TASK GOAL: In the answer, give the entries below exactly, from the first line through the line with "Pánské výstražné tričko", with every picture omitted.

___ MATERIAL FOR THIS EXERCISE ___

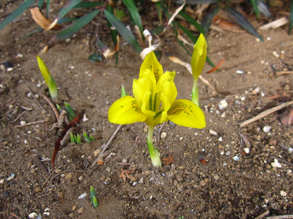 昨年植えた球根のミニ・アイリスが咲き始めました。品種によって、葉が先に出るものや、花の大きさも随分違うようです。
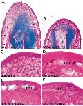 FIG. 6. Expression patterns of HoxA13, msx1, fgf8, and shh in blastemas formed on froglet forelimbs. (A, B) HoxA13. (C, D) Msx1. (E, F)
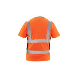 Pánské výstražné tričko s krátkým rukávem, kulatý průkrčník v modré barvě, zpevňující krční páska, boční švy, reflexní pruhy: 2 horizontální, 2 vertikální (šíře 5 cm), boční panely ze síťoviny v modré barvě. Doporučené použití: stavebnictví, silničáři, řidiči, logistika, údržba, kolo, motorky, skladování.
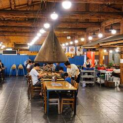 Wir treffen uns um 15.30 Uhr für eine längere Food-Tour durch die Stadt mit einem Guide an der Hakata-Station. Ist die Stadt doch für ihre Restaurants und Speisen bekannt, hat sogar eine eigene Touristeninfo für alles rund ums Essen. Mit dem Bus geht es zu unserem ersten kulinarischen Stopp, dem Yanagibashi Rengo Ichiba fish market mit rund 40 Läden. Dieser vor allem morgens belebte Markt ist bietet nahezu alles aus dem Meer und wird von den Einwohnern als „Speisekammer von Hakata“ geschätzt. Im Jahr 1916 wurde ein einzelner Stand, der frischen Fisch vom Ohama-Markt verkaufte, so populär, dass sich andere Stände um ihn scharten. Jetzt am Nachmittag ist schon einiges zu, die Läden bereiten sich auf den Feierabend vor. Dennoch erfahren wir einiges von den hier gehandelten Fischen, probieren auch das eine oder andere frittierte Stück.
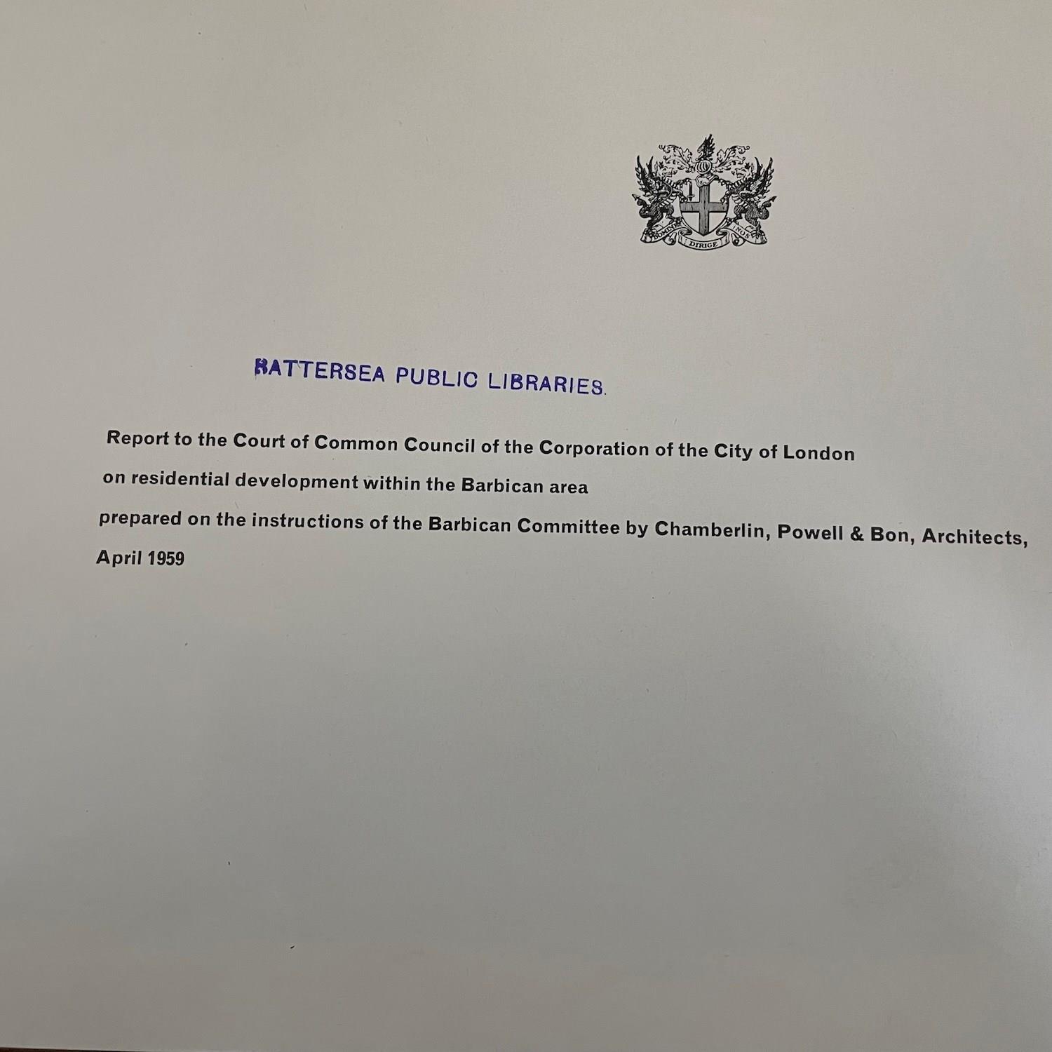 Report to the common Council of the Corporation of the City of London on the residential development within the Barbican area. Chamberlin Powell & Bon 1959. 1st Edition Hardcover 360x250mm. Ex Wandsworth Library.
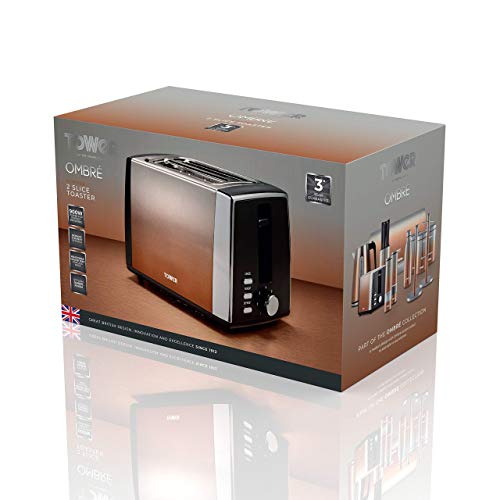 Tower T20038COP Infinity Ombré 2 Slice Toaster, 900W, Copper
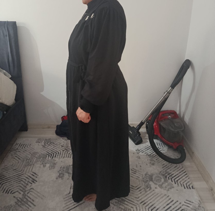 Siyah uzun kollu, yakası kesimli ve salaş kesim gotik elbise. Yumuşak ve sıcak kumaştan, günlük kullanım için uygun.
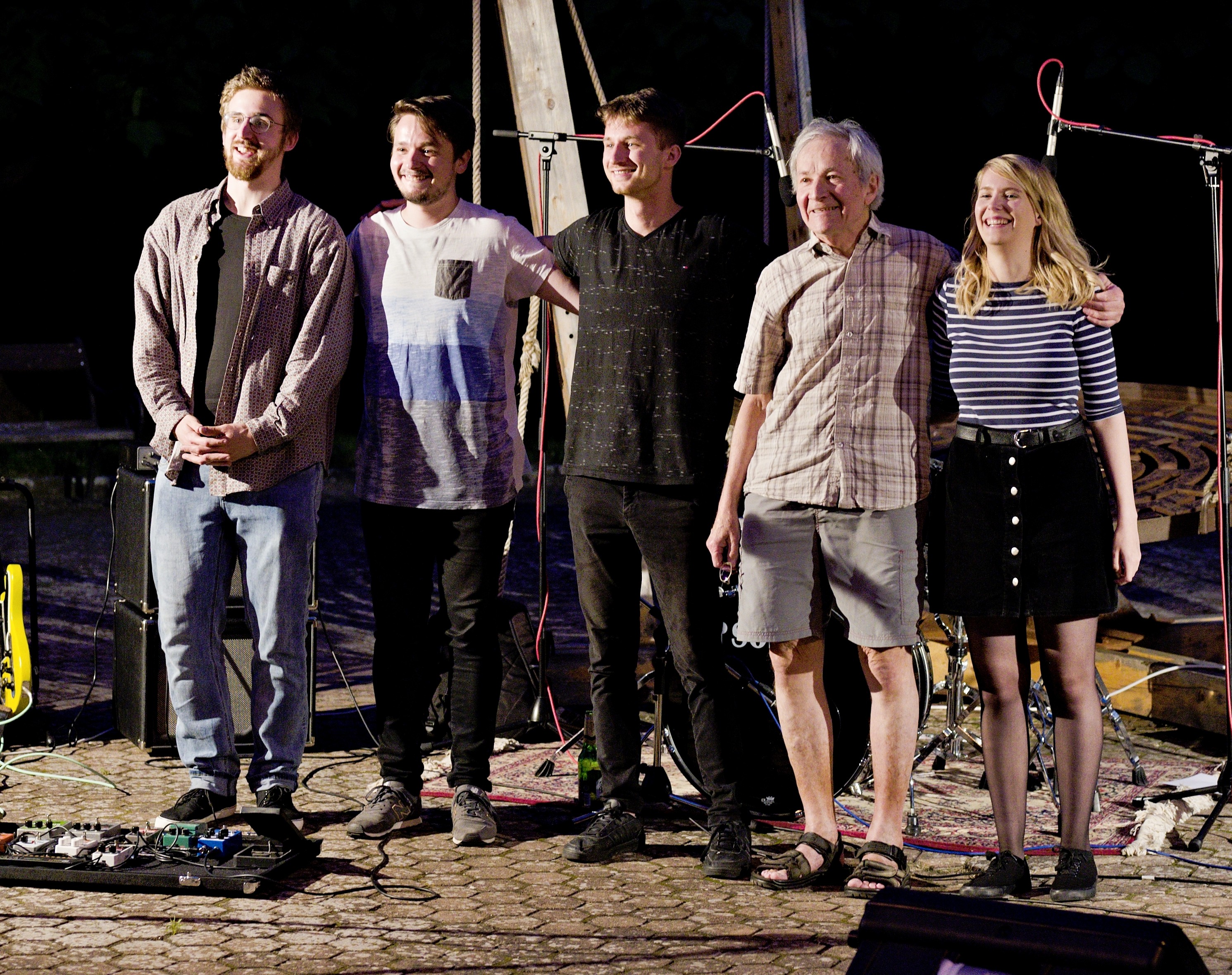 The end of the Dragon's Brew performance in front of the Drak Theatre, Jiří Vyšohlíd Sr. (second from right), Jiří Vyšohlíd Jr. (second from left), 2015, Hradec Králové
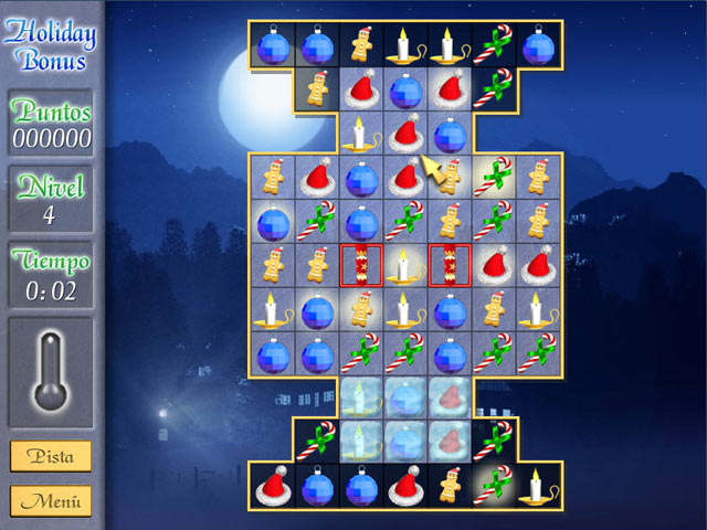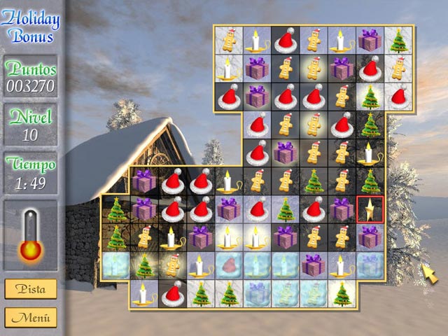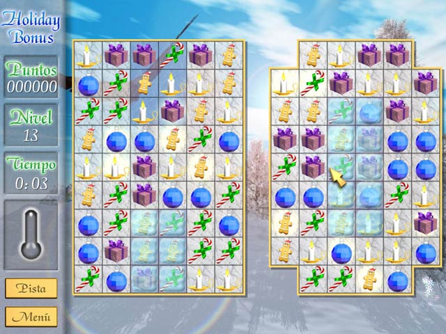 ¿Qué hay en la bolsa de Papá Noel? ¡Un Holiday Bonus para toda la familia! Relájate con este juego de puzzle temático de invierno, ordena los adornos navideños en paisajes nevados y decora minuciosamente el árbol de navidad. Haz los movimientos necesarios y tus potenciadores crearán un bonus más explosivo. ¡No te pierdas toda la diversión de las fiestas en Holiday Bonus, un entretenido juego de Puzzle! - Holiday Bonus
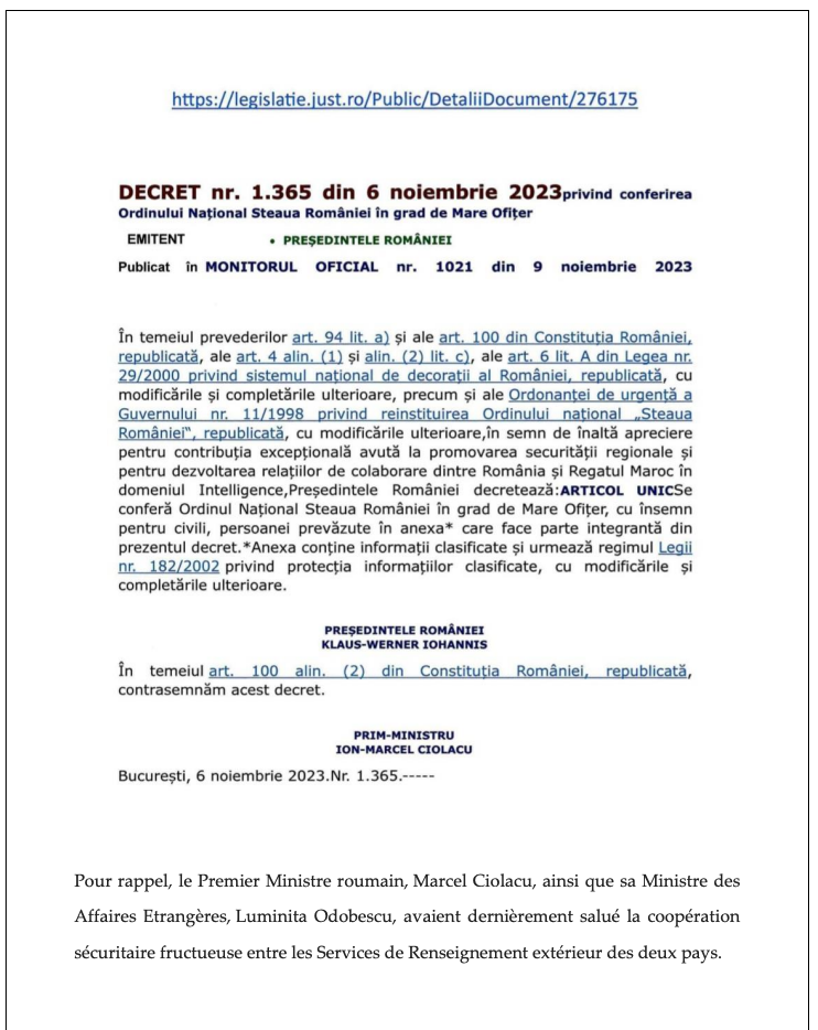 تتويجا للتعاون المميز في المجالات الاستخباراتية بين المملكة المغربية وجمهورية رومانيا، أصدر الرئيس الروماني كلاوس يوهانيس قرارا يقضي بمنح المخابرات الخارجية المغربية، المعروفة باسم المديرية العامة للدراسات والمستندات، في شخص مديرها العام محمد ياسين المنصوري، وسام “نجمة رومانيا” من درجة فارس كبير، وهي أسمى الأوسمة المدنية التي تمنحها جمهورية رومانيا.
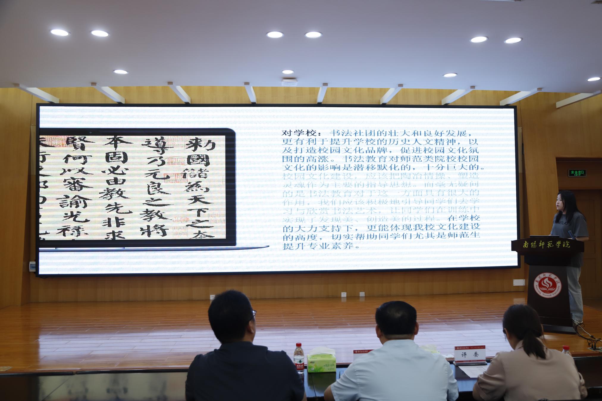 大赛从社团介绍、参赛口号、组织分工、发展规划等方面展现各社团特色,重在突出特色、提炼做法、讲清成效。“书以笔为质,以墨为文”,书法社为广大书法爱好者提供了一个展现自我、提高自我的平台,传播了中华优秀传统文化;“最是书香能致远,腹有诗书气自华”,绿茵读书会为师生提供了一片心灵的净土,一个全身心沉浸在知识海洋的乐园;“阳光排舞,舞出精彩”,学生排舞广场舞社团号召大家锻炼良好体魄,展现青春风采,丰富了校园文化生活。

___

EXPECTED ANSWER:
 昨年植えた球根のミニ・アイリスが咲き始めました。品種によって、葉が先に出るものや、花の大きさも随分違うようです。
 FIG. 6. Expression patterns of HoxA13, msx1, fgf8, and shh in blastemas formed on froglet forelimbs. (A, B) HoxA13. (C, D) Msx1. (E, F)
 Pánské výstražné tričko s krátkým rukávem, kulatý průkrčník v modré barvě, zpevňující krční páska, boční švy, reflexní pruhy: 2 horizontální, 2 vertikální (šíře 5 cm), boční panely ze síťoviny v modré barvě. Doporučené použití: stavebnictví, silničáři, řidiči, logistika, údržba, kolo, motorky, skladování.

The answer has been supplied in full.